ChatGroq(client=<groq.resources.chat.completions.Completions object at 0x7f0dadb69a80>, async_client=<groq.resources.chat.completions.AsyncCompletions object at 0x7f0dadb6a740>, model_name='Llama3-8b-8192', groq_api_key=SecretStr('**********'))

all-MiniLM-L6-v2 : It maps sentences and paragraph to a 384 dimensional dense vector space and can be used for tasks like clustering or semantic search.

In [5]:
from langchain_huggingface import HuggingFaceEmbeddings

embedding = HuggingFaceEmbeddings(model_name = "all-MiniLM-L6-v2")

  from tqdm.autonotebook import tqdm, trange


In [6]:
##vectorStores
from langchain_chroma import Chroma

vectorestore = Chroma.from_documents(document,embedding=embedding)


In [7]:
vectorestore

<langchain_chroma.vectorstores.Chroma at 0x7f0ca87d26b0>

In [8]:
vectorestore.similarity_search("cat")

[Document(metadata={'source': 'mammal-pets-doc'}, page_content='Cats are independent pets'),
 Document(metadata={'source': 'mammal-pets-doc'}, page_content='Dogs are great companions'),
 Document(metadata={'source': 'mammal-pets-doc'}, page_content='Rabbits are social aniamls that need plenty of space to hop around.'),
 Document(metadata={'source': 'birds-pets-doc'}, page_content='Parrots are intelligent birds capable of mimiking human speech')]

In [9]:
##async query

await vectorestore.asimilarity_search("cat")

[Document(metadata={'source': 'mammal-pets-doc'}, page_content='Cats are independent pets'),
 Document(metadata={'source': 'mammal-pets-doc'}, page_content='Dogs are great companions'),
 Document(metadata={'source': 'mammal-pets-doc'}, page_content='Rabbits are social aniamls that need plenty of space to hop around.'),
 Document(metadata={'source': 'birds-pets-doc'}, page_content='Parrots are intelligent birds capable of mimiking human speech')]

In [10]:
vectorestore.similarity_search_with_score("cat")

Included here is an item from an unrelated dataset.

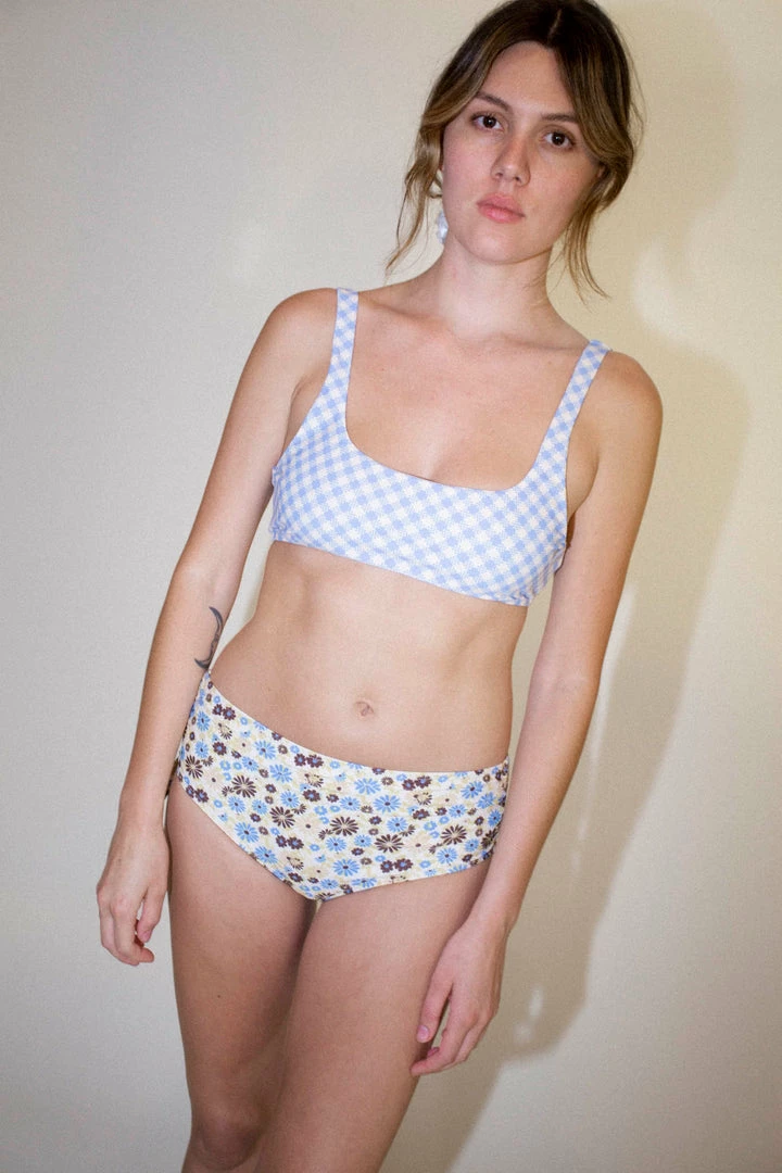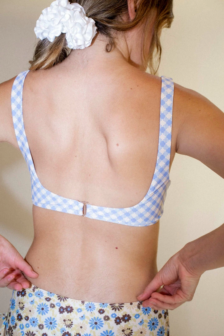 Sporty gingham printed bikini top with thick supportive straps. Moderate coverage. Fully lined. Mix and match with your favorite No.6 swim bottoms.

[(Document(metadata={'source': 'mammal-pets-doc'}, page_content='Cats are independent pets'),
  0.8409360647201538),
 (Document(metadata={'source': 'mammal-pets-doc'}, page_content='Dogs are great companions'),
  1.3763904571533203),
 (Document(metadata={'source': 'mammal-pets-doc'}, page_content='Rabbits are social aniamls that need plenty of space to hop around.'),
  1.5754406452178955),
 (Document(metadata={'source': 'birds-pets-doc'}, page_content='Parrots are intelligent birds capable of mimiking human speech'),
  1.6277443170547485)]

## Retrievers
Langchain vectore store objects do not subclass Runnable and so cannot be immediately be integrated into Langchain expression Language chains.

So we use Langchain Retrievers

In [11]:
from typing import List
from langchain_core.documents import Document
from langchain_core.runnables import RunnableLambda

retriever = RunnableLambda(vectorestore.similarity_search).bind(k=1)
retriever.batch(["cat","dog"])

[[Document(metadata={'source': 'mammal-pets-doc'}, page_content='Cats are independent pets')],
 [Document(metadata={'source': 'mammal-pets-doc'}, page_content='Dogs are great companions')]]

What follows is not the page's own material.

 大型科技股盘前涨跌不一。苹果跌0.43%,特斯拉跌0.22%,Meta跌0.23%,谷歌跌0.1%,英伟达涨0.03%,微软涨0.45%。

VectoreStoreRetriever which include specific search_type and search_kwargs attributes that identofy what methods of the underlying vector store to call

In [12]:
retriever = vectorestore.as_retriever(
    search_type = "similarity",
    search_kwargs = {"k":1}
)
retriever.batch(['cat','dog'])


[[Document(metadata={'source': 'mammal-pets-doc'}, page_content='Cats are independent pets')],
 [Document(metadata={'source': 'mammal-pets-doc'}, page_content='Dogs are great companions')]]

In [13]:
from langchain_core.prompts import ChatPromptTemplate
from langchain_core.runnables import RunnablePassthrough

message = """
          Answer this question using the provided context only.
          {question}

          Context:
          {context}

"""
prompt = ChatPromptTemplate.from_messages([("human",message)])
rag_chain = {"context":retriever,"question":RunnablePassthrough()}| prompt|llm
response = rag_chain.invoke("tell me about dogs")
print(response.content)


According to the provided context, dogs are great companions.